I’m in a steady long-term relationship with a guy and we both want to have a threesome with another girl. Amazing. I have a girl in mind–a friend of mine–and I discussed it with my bf and he’s pretty into her too. So, how do I propose the idea of having a sexy hotel weekend with me and my boyfriend to her without sounding hella creepy and losing a mate? Seems risky and I’m kinda freaking out about it. Also, what are our alternatives? Would it be better to do this with a random girl than with a friend? Although it’s actually pretty hard for a couple to pick up a random chick, as they’re crazy sought after. Help–tips for a good threesome please! Anonymous Candy
Choosing the right threesome partner is a delicate and complex operation. If you mess it up you could ruin your relationship and life forever.
Group sex is cool. I like it in a completely different way than I like “regular” sex. I enjoy the playfulness of it, and the fact that it can be really wild and silly and random, almost like a vacation from the often more emotional/intimate sex had with one partner. I also think that threesomes have the ability to bring couples closer together. When I would have threesomes with my ex, it really felt like something we were doing together–choosing a person to do it with, planning how and where it would happen, discussing it afterward–all of that planning and anticipation became part of our erotic experience. Also, bringing another person into the sexual equation can teach you and your partner things about what each other are into, and it’s just fun to push your sexual boundaries together. (Also, if you’re lazy 3somes are cool because you only have to do half the work, duh.) However, you obviously have to take into account that deciding to have group sex will involve watching the person you love fucking someone else in front of you, and not everyone is necessarily down with that.
In my experience, when having a threesome with someone you’re dating, it’s best not to have the third person be a close friend, or someone who you guys see on a regular basis. It just gets a bit messy, because no matter how open-minded or sexually carefree you are, jealously (annoyingly) does exist, and there might be a moment in your threesome where for whatever reason you feel uncomfortable with what’s happening, and even if five seconds later you don’t care and are having fun again, even that moment of doubt may change the way you feel about your bf or your friend forever. Maybe not, but maybe, ya know? Like you said, it’s a risk. Whereas if you fuck someone who is more removed from your lives, there are less emotions involved in the experience, which allows the threesome to become its own non-reality no-consequence supernatural sex bubble. Or ideally it does, anyway.
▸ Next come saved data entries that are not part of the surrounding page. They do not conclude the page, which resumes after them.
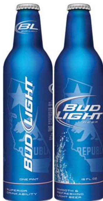
Bud Light California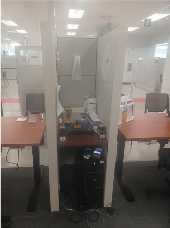
Photo of the “U” and the shelf to be fixed between the panels in Mont-Laurier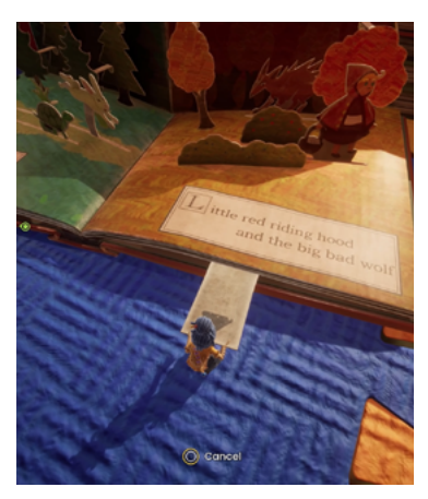
Fig. 7 | Screenshot from It takes two 2

a sound book that at the touch of a button replays four different sounds (pig, alarm clock, ambulance, rooster). The second is a pull-tab-pop-up book that shows the fable The Tortoise and the Hare as well as Little Red Riding Hood ( Fig. 7). Players can interact with both books, pulling tabs or pressing buttons as they please, to set the characters in motion or make the sounds play. Much like Nöth has pointed out, in It takes two "messages of the media are about messages of the media" (Nöth 2007, 3). By remediating many different games and toys, It takes two mimics party video games such as Party Mix (1983), the Mario Party series (since 1998), or Wii Party (2010). Moreover, the game establishes itself by the by as an archive of interactive artefacts that sit in a cross-section of media history and toy history. Presenting different types of games and ludic devices, It takes two forms what appears to be a history of modern interactive media and toys and places within this space the two interactive books, presenting them as part of the history, social, and media context of digital games such as itself.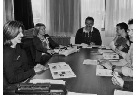
Seminar in Belgrade

Although the amount for adult learning and education programmes and projects in Croatia has been notably increased in recent years it is still impossible to get a real overview of the total expenditures for these purposes (particularly at the lower level of government – local and regional self-government units). Also, resources for 2007 and 2008 planned for lifelong learning and adult education were not wholly presented under the Ministry of Science, Education and Sport and/or the Agency for Adult Education but were included in the budgets of other ministries and bodies. For that purpose it is necessary to approach each of these bodies separately. However, only a few examples will be presented in order to illustrate the variety of institutions and programmes for which funding is provided from the state budget.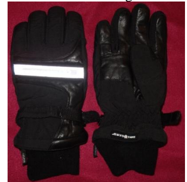
GCS lined winter gloves Ladies sz M Almost new – asking $20/BO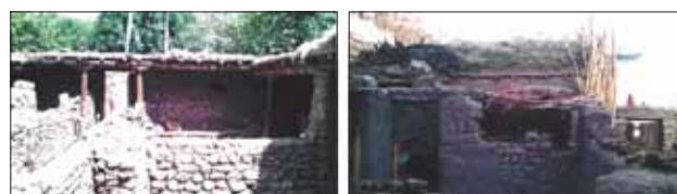
Fig. 4. Housing system in Ladakh for dairy cattle and other livestock.

*All the values are expressed on dry matter basis.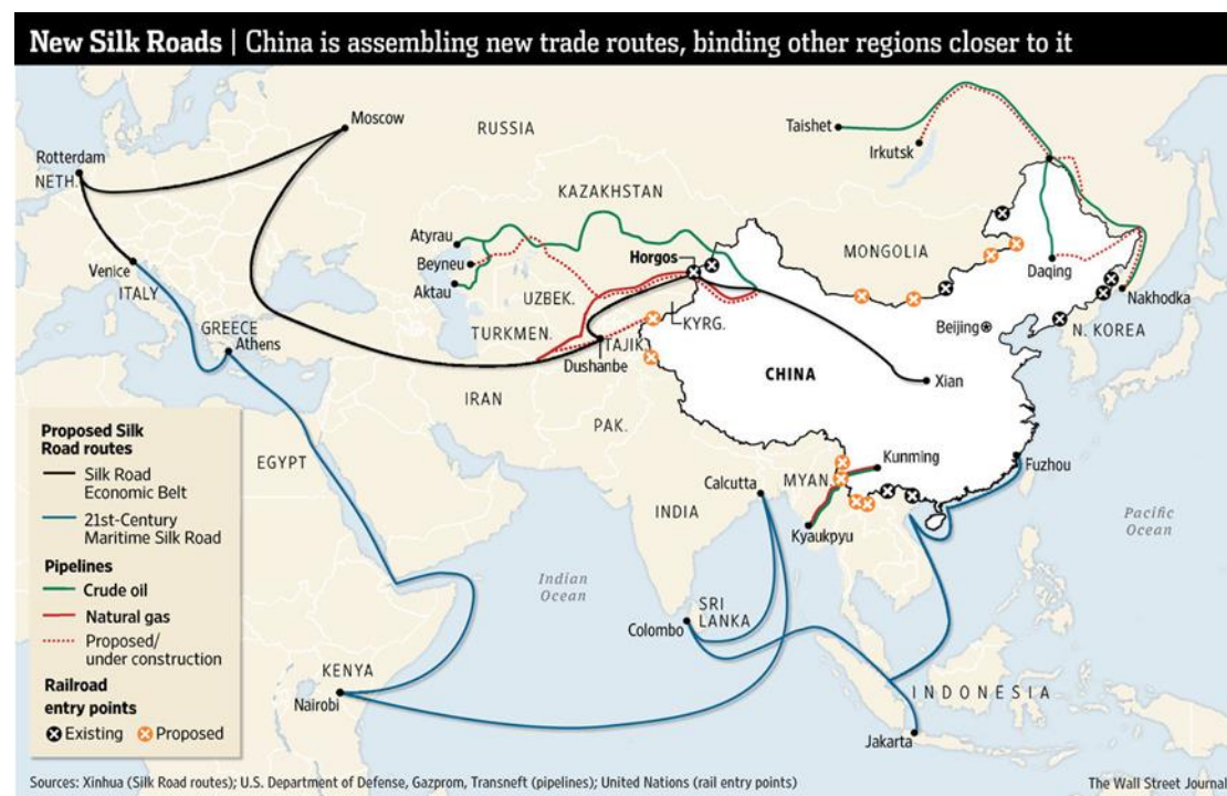
The land and maritime road of the "One Belt, One Road" initiative

The first signs of OBOR were brought to the surface during the Olympics of 2008. However, China's ambitious plan was first stated on 2013, by the Chinese President Xi Jinping, the 5th president of China. The OBOR project consist of two different "routes", one land route and a maritime one, that both begin and end in China's territory. The first route (Silk Road Economic Belt) begins from Xi'an in Central China and leads to Northern Europe up to Rotterdam (busiest port in Europe), coming all the way from Central Asia, the Middle East, Eastern Europe and Russia and the center of Europe. On the other hand, the maritime route (the 21 st Century Maritime Silk Road) connects the Mediterranean Sea with the South China Sea, in a long route that comes through the Suez Canal, the Indian Ocean, the Malacca strait, etc. It is estimated that approximately 65-70 countries and a total of 4,4 billion people (as much as the 60% of global population) will benefit from the participation in the OBOR project that will require at least 30-35 years to be completed. 4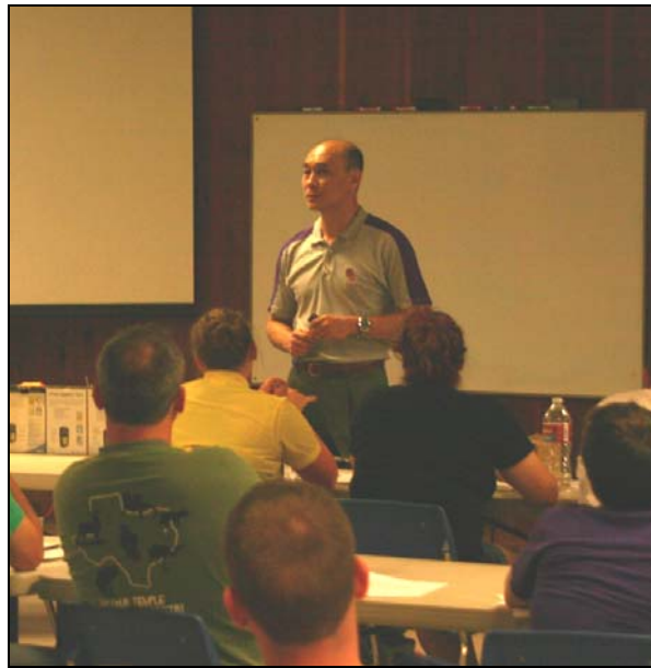
Figure 2. Informing students of their involvement in a GPS study in the central classroom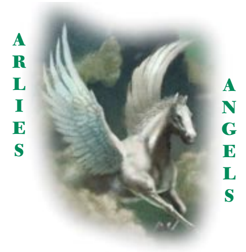
Give a gift membership TODAY!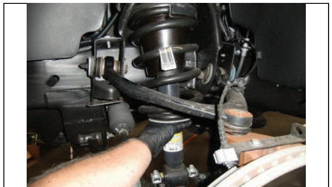
Remove entire strut assembly from vehicle.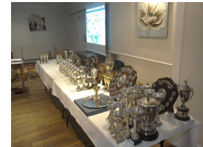
GVAC Junior trophies 2016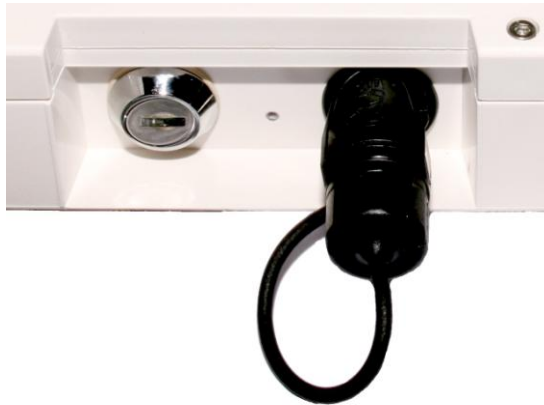
Figure 3-3: Key Switch On Position

Turn the key switch to the on position. When switching the terminal on, the LED will start to flash 1 second on, 2 seconds off until a position report has been sent or it has timed out (up to 10 minutes).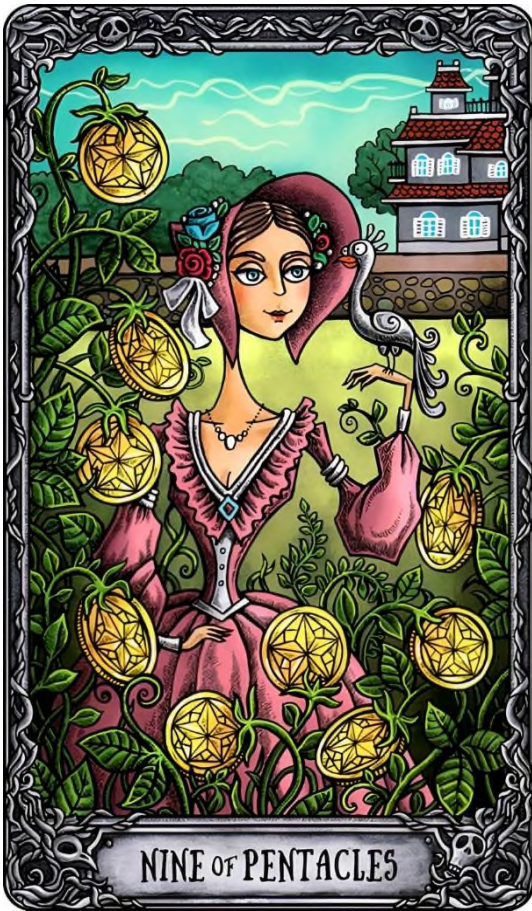
NINE OF PENTACLES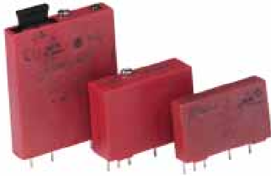
70G-ODC/OAC 70-ODC/OAC 70M-ODC/OAC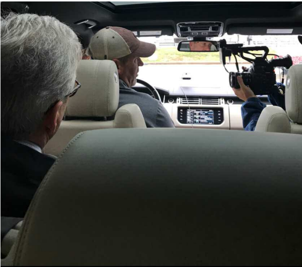
Riding along for an exclusive with Eagles Head Coach Doug Pederson and Sal Paolantonio en route to Lincoln Financial Field before kickoff.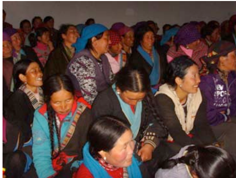
Fig. 2. First evening of the field trip in Xunhua District (Qinghai Province). Photo: Courtesy of Demoness Association, 2011.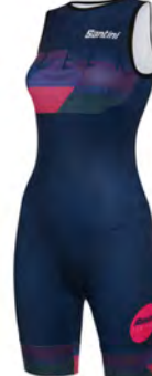
SLEEK Trisuit 9C 776 -- SLK+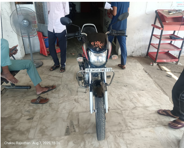
Chaksu Rajasthan Aug 7, 2025, 15:26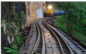
Death Railway Train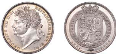
258 Shilling, 1823, 5.64g/6h (ESC 2398; S 3811). Bright from past cleaning, otherwise about extremely fine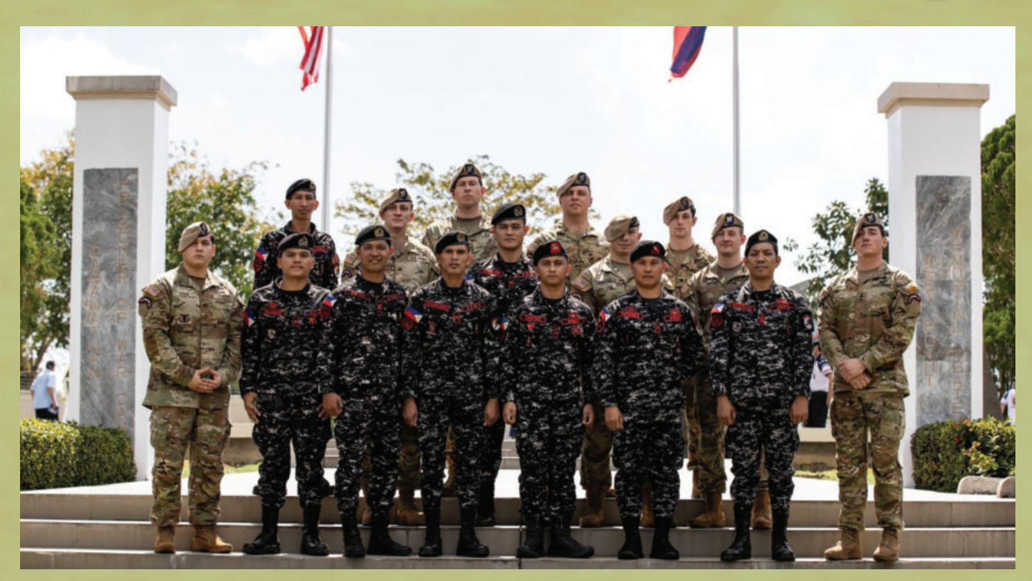
U.S. Army Rangers assigned to 2nd Battalion, 75th Ranger Regiment and Philippine Army Soldiers from the First Scout Ranger Regiment, pose for a group photo during the commemoration of the 80th Anniversary of the Raid and Liberation of Cabanatuan Prisoner of War Camp at the City of Cabanatuan, Philippines, Feb. 1, 2025.

"The Ranger Creed wasn't written until nearly thirty years after the Great Raid, but it's clear to me that it was inspired by the actions of these Rangers, Alamo Scouts, Guerrillas, and pilots", said Bryan. "Giving 100 percent and then some, energetically meeting the enemies of their country, never leaving a fallen comrade, displaying the intestinal fortitude required ... it all started in places like Cabanatuan. What they did there shaped not just the words in our Creed, but the expectations of who we are today and what we must continue to be every day."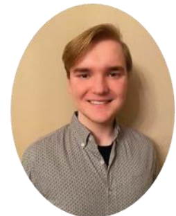
State Representative Troy Ludwig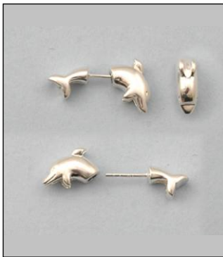
JE180034SL WT: 6.25 gm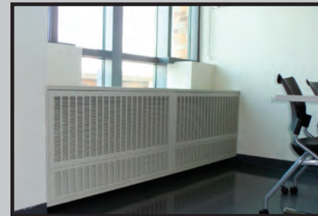
St. John's University D'Angelo Hall Queens, New York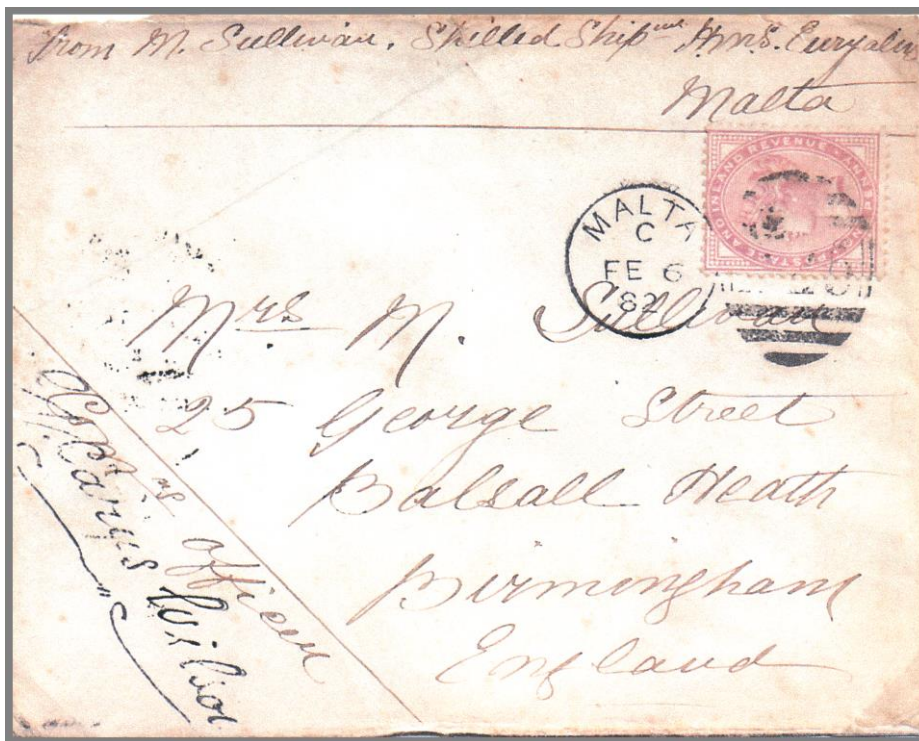
Figure 4 A

Some of the best threesomes I’ve had have been with people visiting from out of town. Those are cool because you’re generally excited to see the person who’s visiting, but then after you fuck them they fly back to wherever it was they came from. So basically, if either you or your bf have a sexy female friend visiting, you should pounce on them. Or, if you want to go a different route and fuck someone totally disconnected from you, you could always find someone online. There are lots of adult dating sites, such as XXX Sex Guides, where you can meet like minded people looking for casual hook-ups (that goes for threesomes or otherwise), which are helpful for finding a “random” to hook up with, without having to be that creep lurking around the bar, trying to lure strangers back to your free-love dungeon.
In terms of how to ask a person for a threesome, I’ve found a good way is to just text them saying, “Hey, you wanna get threesome’d?” It’s best to be casual about these of things. When it comes to group sex, formality can be a bit awkward. And don’t worry about being rejected by the threesome-ee, because they usually say yes. And if they don’t it’s because they’re in a relationship or prude or have herpes.
And lastly, let’s be real, alcohol helps. It takes the edge off, and just generally makes you less inhibited and more horny. Although don’t black out, because memories are good to have sometimes, and don’t pass out, because being a passed-out drooling slob person is neither sexy nor glamorous. No one wants to be asleep at the orgy.